Greece is a strange mix of relatively little economic impact at first glance,
but a complex mix of banking and shipping holdings that have the potential to
do a lot of harm if something dramatic were to happen.

The Greeks have been in trouble for a much longer perdiod, but the current
combination of issues hopefully gives them the tools to finally get rid of a
political system that has been rife with corruption and that has to a large
extent been at least partially guilty in creating this situation.

Something good might come out of this, if the EU manages to help stabilizing
Greece and stop the slide then it will emerge far stronger than it is today.
If it allows the Greek crisis to spiral out of control and spill over in to
other economically weak EU member states then the consequences will be grave.
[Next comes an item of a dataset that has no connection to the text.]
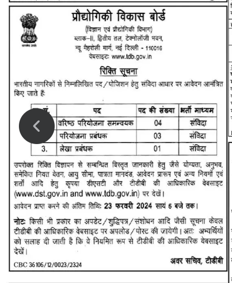 Read Moreप्रौद्योगिकी विकास बोर्ड में संविदा के आधार पर भर्ती
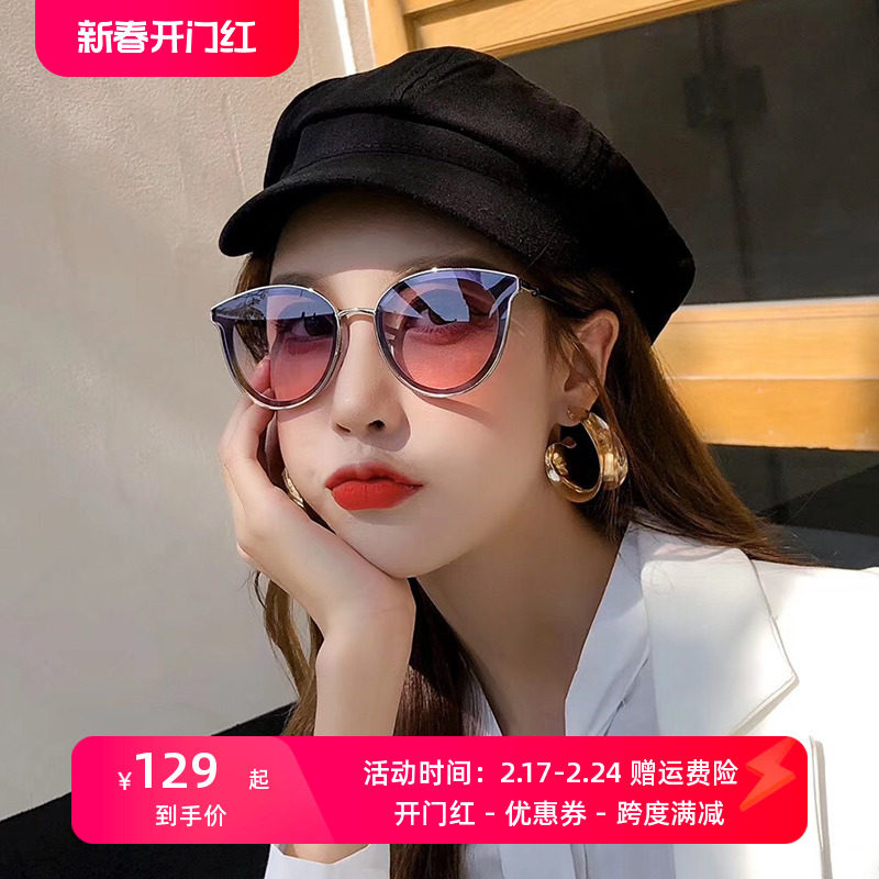 高级感腮红墨镜女网红猫眼gm太阳眼镜2023新款度假街拍红色显脸小

It's not a time for little bits of help and band-aids, the EU will need to
make some fairly bold moves, it remains to be seen if the resolve is present
to actually do that.

This is especially tricky because the mortgage crisis is making lots of people
skeptical of the Euro right now, and chipping in to help Greece is not going
to go down well with the majority of the European electorate in countries that
can still pretend they're not affected.